It's talking about replacing time zone based clock time with local noon based
clock time. Each current time zone would go from having one time within it to
having 3600 times within it (assuming clocks only keep time to 1 second
resolution).

That has many drawbacks which your link ably covers.

What I'm talking about is adding a second kind of clock time within each time
zone. Each time zone would have two times within it, the current time, which
I'll call zone based time (ZBT), and a time that keeps sunrise fixed, which
I'll call sunrise based time (SBT).

It's not meant as a _replacement_ for time zones like the thing in the link.
It's meant to address the same issue as daylight savings time--better
utilization of daylight during the summer.

Many proponents of eliminating the twice yearly DST time change acknowledge
that we probably still should have some kind of seasonal schedule adjustment
at latitudes where there is a big different between the amount of daylight in
summer and winter, and usually suggest we do it by changing the hours of
things like work and school.

E.g., instead of working 8 to 5 year around, we'd work 8 to 5 part of the year
and 7 to 4 part of the year.

You can divide everything into two categories: (1) things whose times change
between winter and summer, and (2) things whose times do not change.

The idea then is to put these categories on separate clocks. Things in
category #2 are on a clock that does not have any notion of standard or
daylight time. It just ticks on, 24 hours a day, 7 days a week. Things in
category #1 are on a clock that does get adjusted.

So instead of having to note the date, recall if that is in the range of dates
during which we shift work an hour, so you know if you need to be in by 7 or
by 8 that day, you'd just have to remember that your work schedule is on the
SBT clock, not the ZBT clock, so you go to work the same time every time, year
around, on your SBT clock.

But why stop there? If the SBT clock just changes by an hour twice a year it
has all the disruption that the daylight savings time has. If we are going to
have a separate clock for those things we want to vary seasonally, and that
clock is going to automatically adjust, why not go all the way and make it
adjust daily?

For each region, we can figure out the best way to make use of the available
daylight for each day throughout the year, and have SBT time make it so 8 to 5
on the SBT clock each day fits in with that.

Do this right and there are no more big schedule jumps, and most people will
be able to have a sleep schedule that allows them to wake up naturally due to
the brightening morning instead of having to regularly use an alarm clock.

This might seem like it would be pretty inconvenient because you'd be
constantly dealing with some things on SBT and some on ZBT...but would you?
Most things you do locally that aren't directly tied to work or school are
still going to be influenced by them, because we need to fit other things
around them.

So I think we'd end up using SBT for most of the stuff we deal with in our
region. We'd most use ZBT for things outside the region. For instance, TV
networks would be on ZBT. But most people do things like watch TV in the
evening.

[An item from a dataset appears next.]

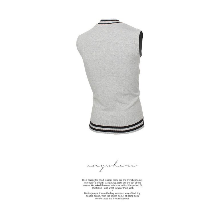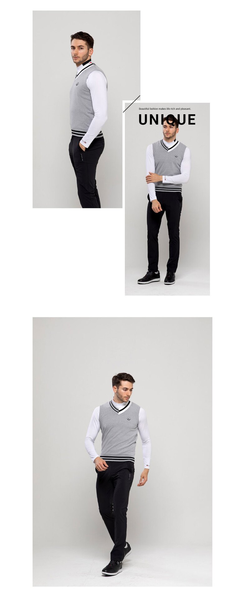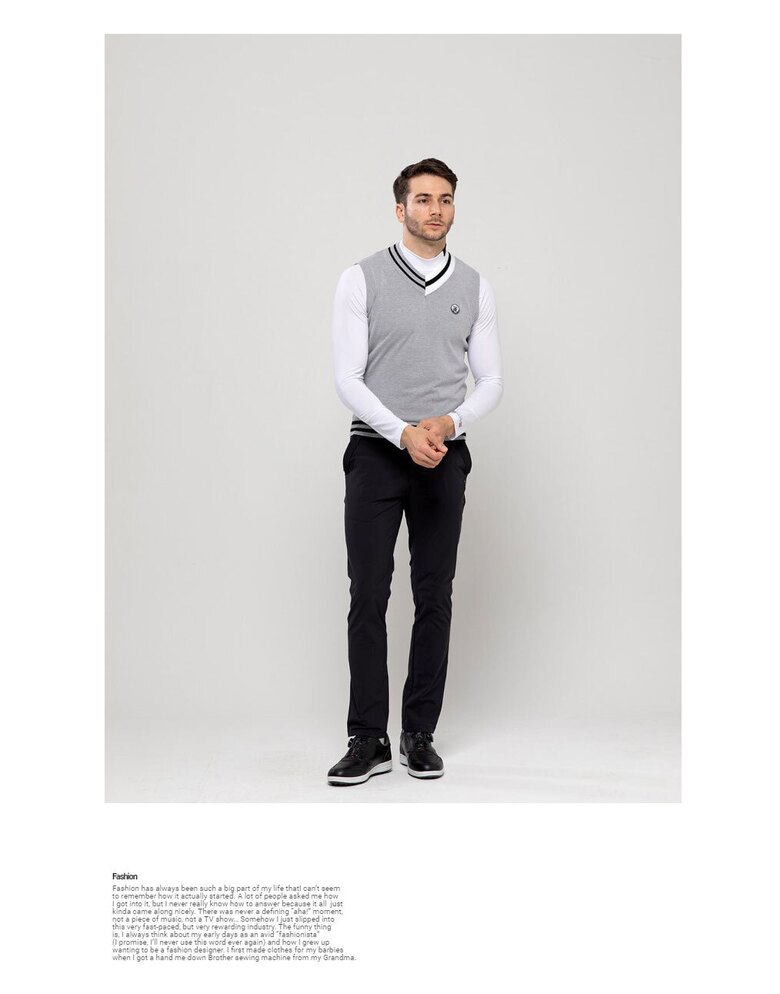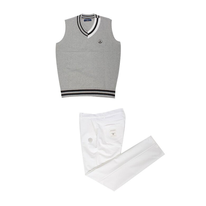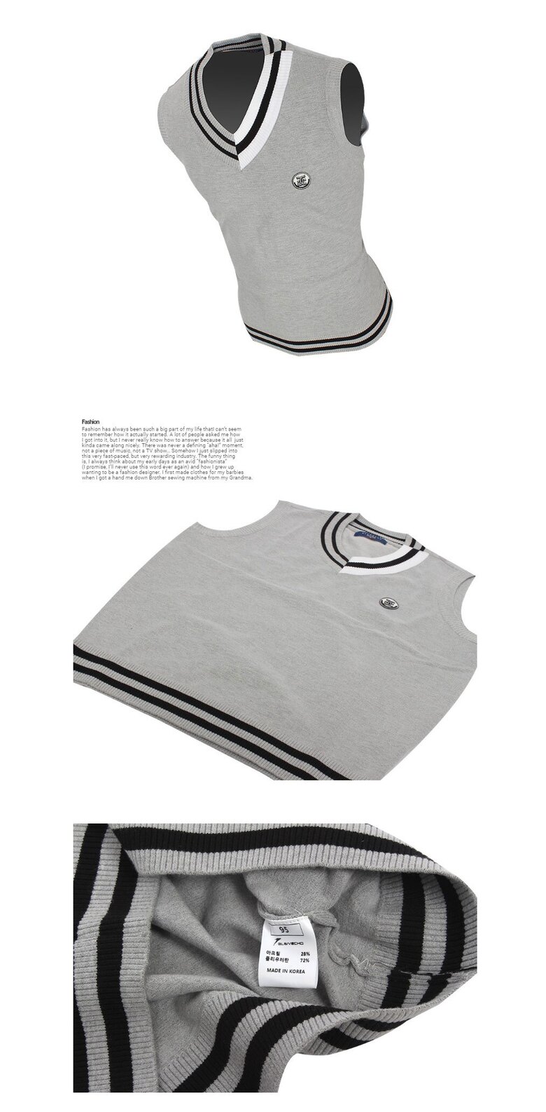 그렌에코 남성 봄 골프웨어 골프 브이넥 배색 니트 조끼 그레이 G28112376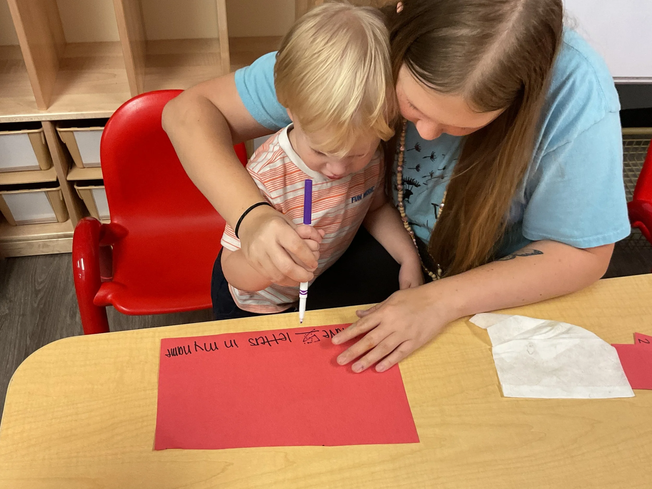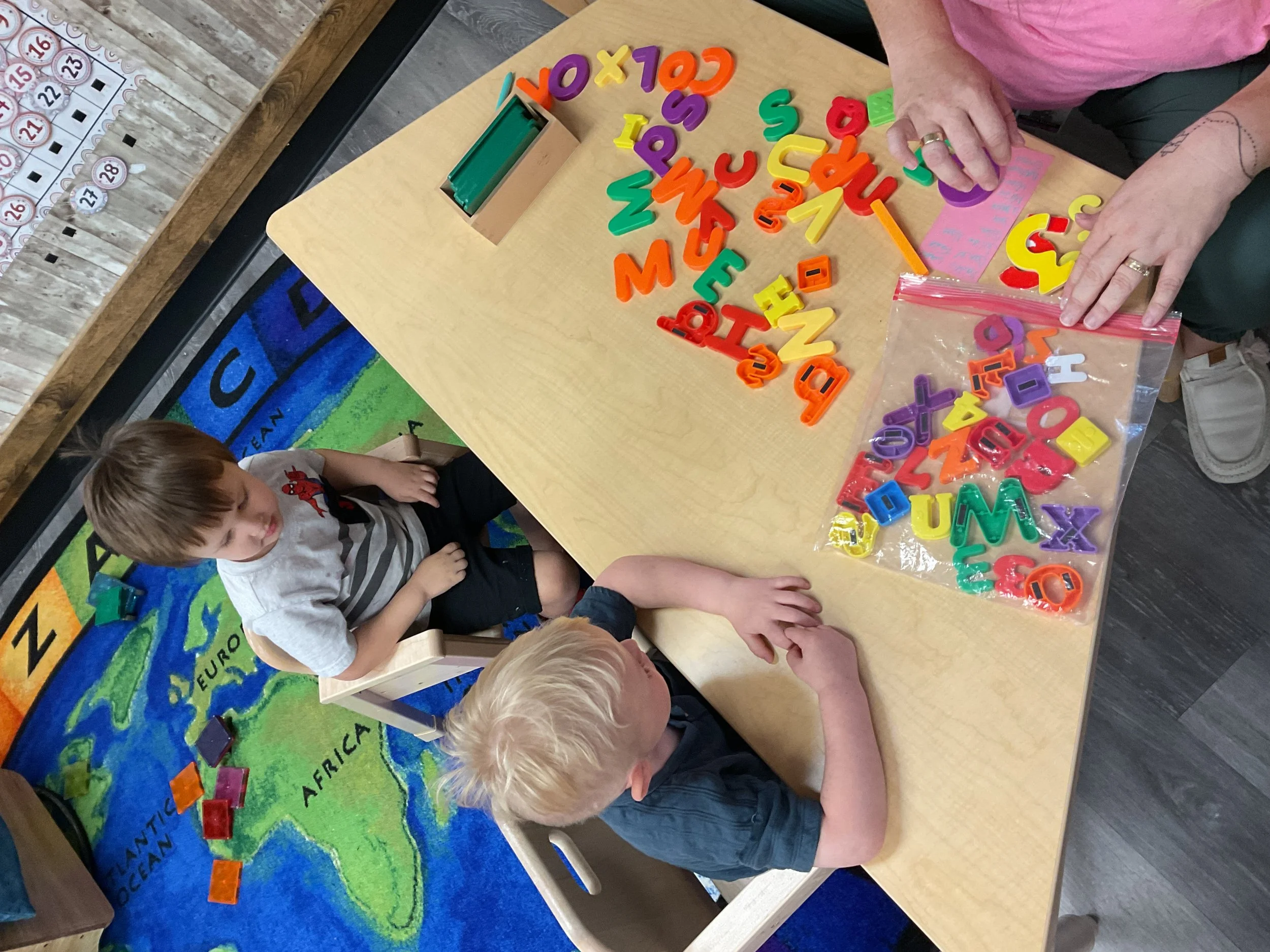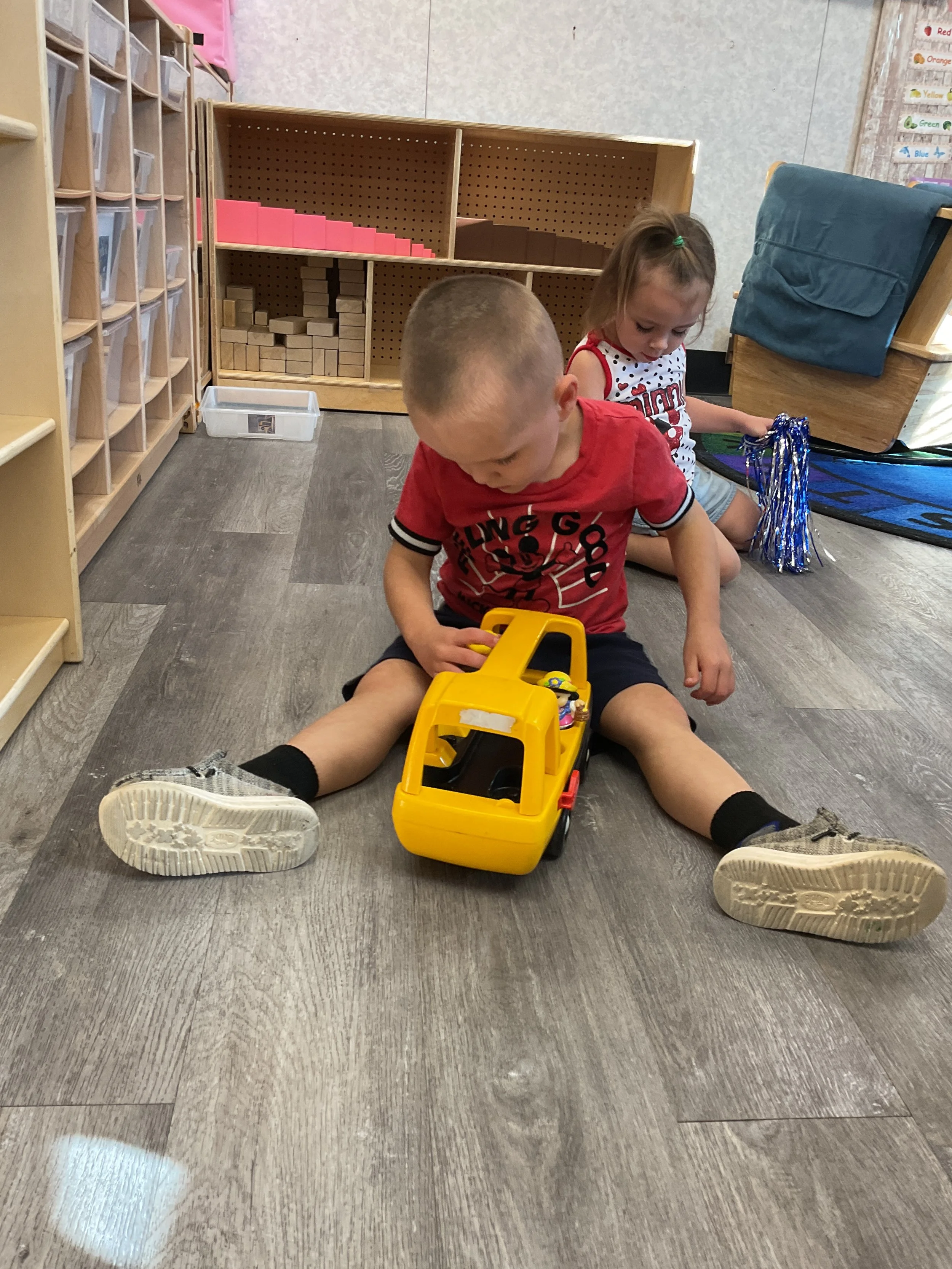 This morning, we read the book Shiver Me Letters: A Pirate ABC written by June Sobel and illustrated by Henry Cole. During music and movement time, we had a challenging obstacle course to navigate. The balance beams and summersaults were our favorite part! Next, during our math and cognition lesson, we made our name with plastic letters and stamp pads. We had to count the number of letters in our names and we had to identify the corresponding number! Then, for our science and sensory lesson, we used stamps to make some 3 letter words. Lastly, for our fine motor and literacy lesson, we listened to a book on tape.

I think what would happen is that you'd use SBT during the
work/school day, and when doing other things in your city, then after dinner
you'd stop looking at your SBT clock and start paying attention to your ZBT
clock.

------
dathinab
(German, sorry) Since communication yt channel which sums up the facts quite
good:

\- Sleep:
[https://www.youtube.com/watch?v=LprmzAzarRU](https://www.youtube.com/watch?v=LprmzAzarRU)
\- DST:
[https://www.youtube.com/watch?v=WwmQ6RhWk7g](https://www.youtube.com/watch?v=WwmQ6RhWk7g)

But here is a view things (Sleep):

\- we don't have a fixed inner clock, but a cyclic one which can be adjusted
"early birds" have a cycle <24h and "late owls" a cycle >24h (this means that
_only_ the abrupt change is fundamentally bad)

\- society is biased to benefit "early birds"

\- but in current society more then half of all people are "late owls"

\- using a alarm to forcefully wake you up has negative effects even if you
got enough sleep

\- the amount of sleep you need is independent of weather you are an early
bird or late owl

\- forcing owls to stand up early causes sleep deprivation

\- you can manipulate your inner clock through light exposure, food and sport.

\- the best light to affect you is the natural sun, going out (Added by me
from context:in the morning) can be especially useful

\- How your long your inner cycle is depends on your age, this effect seems to
be biologically based and appear in all people around the world

\- Sleep scientist try to convince (middle) schools to start at 9am instead of
8am because of the previous point.

And for DST:

\- 80% of people in a EU questionnaires "voted" in favor of the removal of DST

\- more people wanted to keep summer time then winter time

\- But this should be decided based on since as this has major biological
effects on the body

\- In Germany "common time" is winter time, summer time was set as sun rises
earlier in summer. (Me: No idea if that's the case in the US to or if it's the
other way around, people in Germany also use the terms summer and winter time
so "common time" isn't really a thing anymore)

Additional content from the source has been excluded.